The United Kingdom’s Supreme Court has ruled to give the Chairman of the Libyan Al-Watan Party, Abdelhakim Belhaj, the right to sue the former Foreign Secretary of the UK, Jack Straw, the MI6 and the British government for claims that they helped in his rendition to Libya and later in his torture by the Libyan Gaddafi authorities.

According to British media citing the Supreme Court, the UK’s highest court has ruled that ministers, involved in the case, especially Jack Straw, cannot claim “state immunity” or escape trial on the grounds of the legal doctrine of “foreign acts of state.”

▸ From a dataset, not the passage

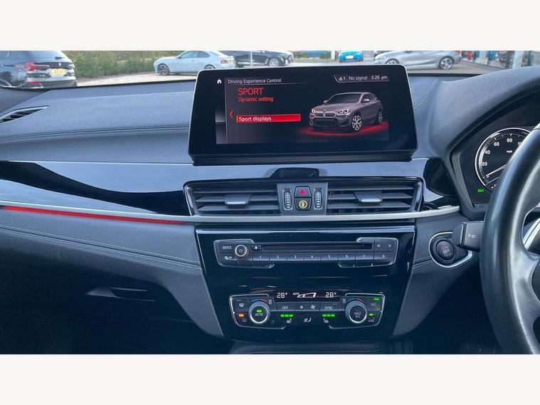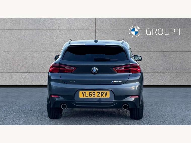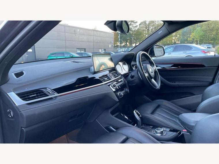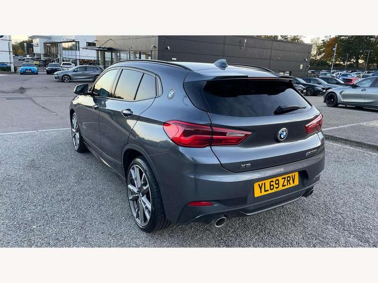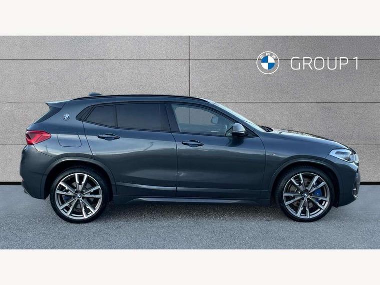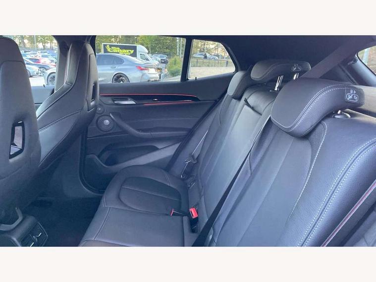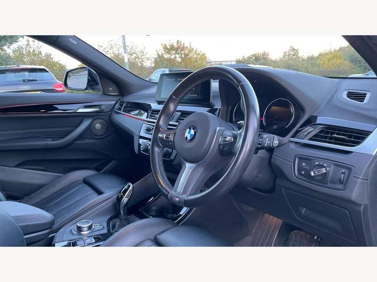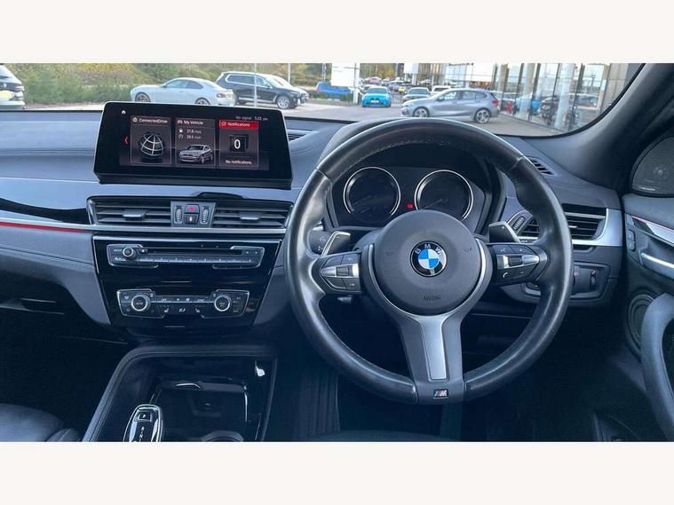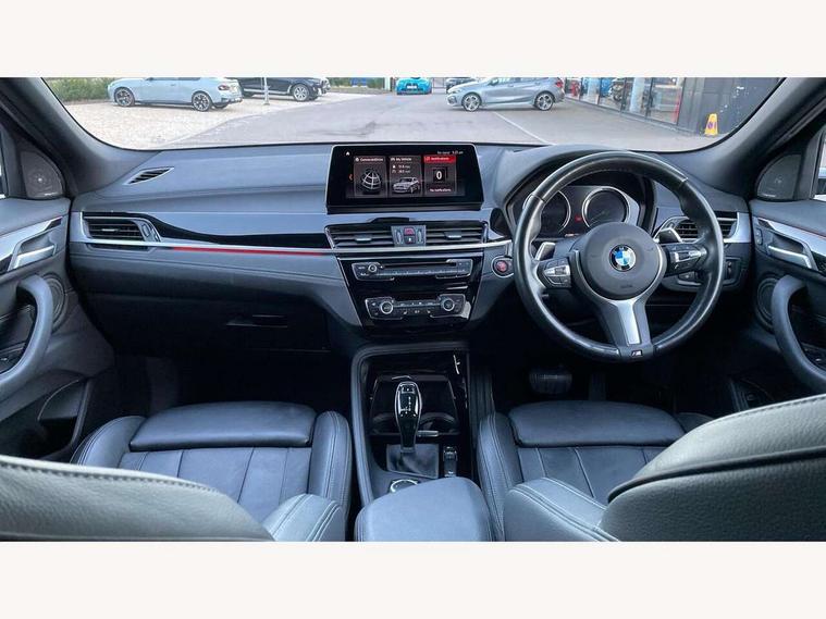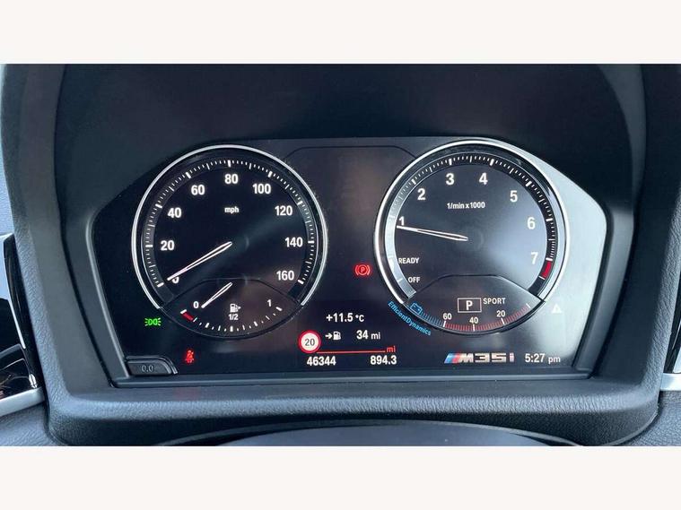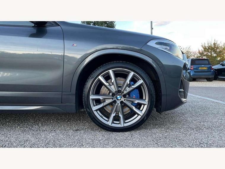 Active Guard incl speed limiting and lane departure functions with auto steering, and front collision warning with brake intervention, Automatic powered tailgate, Bluetooth hands free facility with USB audio interface, BMW Online services, BMW remote services, BMW Teleservices, Brake pad wear indicator in front and rear, Check Control warning system for monitoring of lights and door/luggage compartment open warning, Eco pro mode, Instrument cluster with black optic and 5.7" colour display + speedometer + tachometer + fuel gauge + instant fuel economy with M35i logo, Lights on warning by audio warning signal when ignition is switched off, M Sports steering, On board computer - average speed+fuel consumption, service interval, clock/date, odometer/trip meter, outside temperature display and ice warning, Optimum shift indicator, Personal Profile, Real time traffic information, Speed limiter, TMC for lifetime of vehicle, 12V compressor with integrated sealant injection bottle and hose, 61 Litre touring fuel tank, Anti roll bar front and rear, Balancer shaft, Drive performance control with ECO PRO comfort + sport mode, Electronic differential lock, Engine cover with M performance designation, M sport suspension, Performance Control, Sport automatic transmission, Twin tube gas filled shock absorbers with degressive characteristic curve, 2x USB sockets in front, Bluetooth audio streaming, BMW professional radio with CD player, DAB Digital radio, Steering wheel mounted audio/telephone controls, Adjustable headlights, Automatically dimming rear view mirror, BMW badge on bonnet, tailgate with integrated tailgate release and C pillars, Body colour door handles, Body colour roof trims, Chrome kidney grille with black vertical slats, Clear lenses direction indicator lights, Direction indicator side lights integrated in exterior mirrors using LED technology, Door mirror integrated indicators, Dynamic brake lights, Electrically adjustable and heated door mirrors glass aspheric on driver's side and convex on passenger side, Fingertip control / anti-trap function on electric window, Front and rear bumper system, Front and rear electric windows, Green tinted heat protection glazing, Halogen headlights, Heated windscreen washer jets, High gloss black front side air intake with matt black insert, High gloss black in window frame, recess covers and B-Pillar trim, High level third brake light, LED front fog lights, LED headlights with extended contents - cornering, high beam assist, LED day running lights with dynamic beams-through for urban and motorway, Lightweight engineering, M rear spoiler, Model designation in left tailgate, Model designation in right tailgate, Rain sensor with automatic headlight activation, Rear fog lights, Rear tail lights with LED technology and 3D design, Rear window aerial, Rear window wiper with wash/wipe function, Reversing light in rear light cluster, Round exhaust system with twin cerium grey tailpipes in left and right split, Satin aluminium roof rails, Shark fin antenna, Twin chrome exhaust tailpipes, Visible VIN plate, Welcome lighting, 40:20:40 manually split folding rear seat with two tilt positions for backrest, Ambient light in front centre console/cup holder area, Anthracite headlining, Armrest in centre section of rear seat backrest and folding, Automatic two zone climate control air conditioning, Child seat ISOFIX attachment for two outer rear seats and front passenger seat with anchorage points, Conditioned based service, Driver and front passenger seat heating, Driver/passenger sunvisors with ticket holders, Drivers folding storage compartment, Floor mats with black surround and M flag detail on front mats, Front and rear door armrests, Front armrest, Front door sill finishers with M35i designation, Front head restraints, Gearshift paddles on steering wheel, Glovebox with light, Interior light in front centre interior mirrors and rear centre auto interior light activation when door is opened when ignition switched off, LED ambient lighting in upper door trim and dashboard trim, Luggage compartment lighting, Luggage compartment loading edge with stainless steel insert, Luggage compartment with underfloor storage and four lashing eyes, M Sport multifunction leather steering wheel, Rake/reach adjustable steering wheel, Retaining strap on the left side of the luggage compartment, Three rear headrests, Two cupholders in front and rear centre console, Extended lighting pack - X2 M35i, Extended storage pack - X2, M Sport aerodynamic pack - X2 M35i, 3 point seatbelts on all seats, front pyrotechnic belt tensioners, stopper and belt force limiters, rear coded belt buckles, Airbags - Front driver and passenger, front and rear head, front side, curtain head protection, Anti lock braking system (ABS) with brake assist, ASC - Active stability control, BMW emergency call, Brake drying, Brake energy regeneration, Braking readiness, Child proof locking system in rear door, Crash sensor activating central locking release with hazard warning lights and interior lighting + battery safety cut-off, Driver and front passenger seat belt security check, DSC - Dynamic Stability Control, Dynamic Traction Control - DTC, Electrically operated parking brake with automatic drive release, Electronic parking brake, Front passenger airbag deactivation, Front ventilated brake disc, Hill descent control, Hill start assist, M Sport braking system, M Sport seatbelts, Multi collision braking system, Rear brake discs, Side impact protection, Twin horns, Tyre pressure monitor, Warning triangle and first aid kit, Auto door lock when driving, Central locking switch for all doors, fuel filler cap and luggage compartment, Engine immobiliser, Incorrect fuel protection system, Locking wheel bolts, Remote control including integrated key with M specific highlight, Remote control Thatcham category 1 alarm, Start/stop button with comfort go keyless engine start and auto start stop deactivation button, Dash top fi

Lord Mance, a UK Supreme Court judge, said the use of torture “has long been regarded as abhorrent by English law,” thus dismissing the government’s appeal in the Belhaj case.

The lawyers for Belhaj, who are almost fifty, say he is determined to sue unless he receives an apology and a token £1 in damages.

According to the case, the head of the counter-terrorism at the MI6, Sir Mark Allen, sent a letter to the Gaddafi regime’s Intelligence Chief, Moussa Koussa, saying that the UK intelligence provided a tipoff that led to the abduction and then rendition of Belhaj and his wife to Libya.

Belhaj and his wife, Fatima Bouchar, were abducted in Bangkok in March 2004 and then flown by the CIA from Bangkok to Gaddafi’s detention centers in Tripoli, where Belhaj remained in prison for almost 6 years, while Bouchar, who was then pregnant, was released before giving birth.

Belhaj was handed over to the Gaddafi regime in 2004 at the time when Tony Blair, who was in close ties to Muamar Gaddafi, was the UK Prime Minister.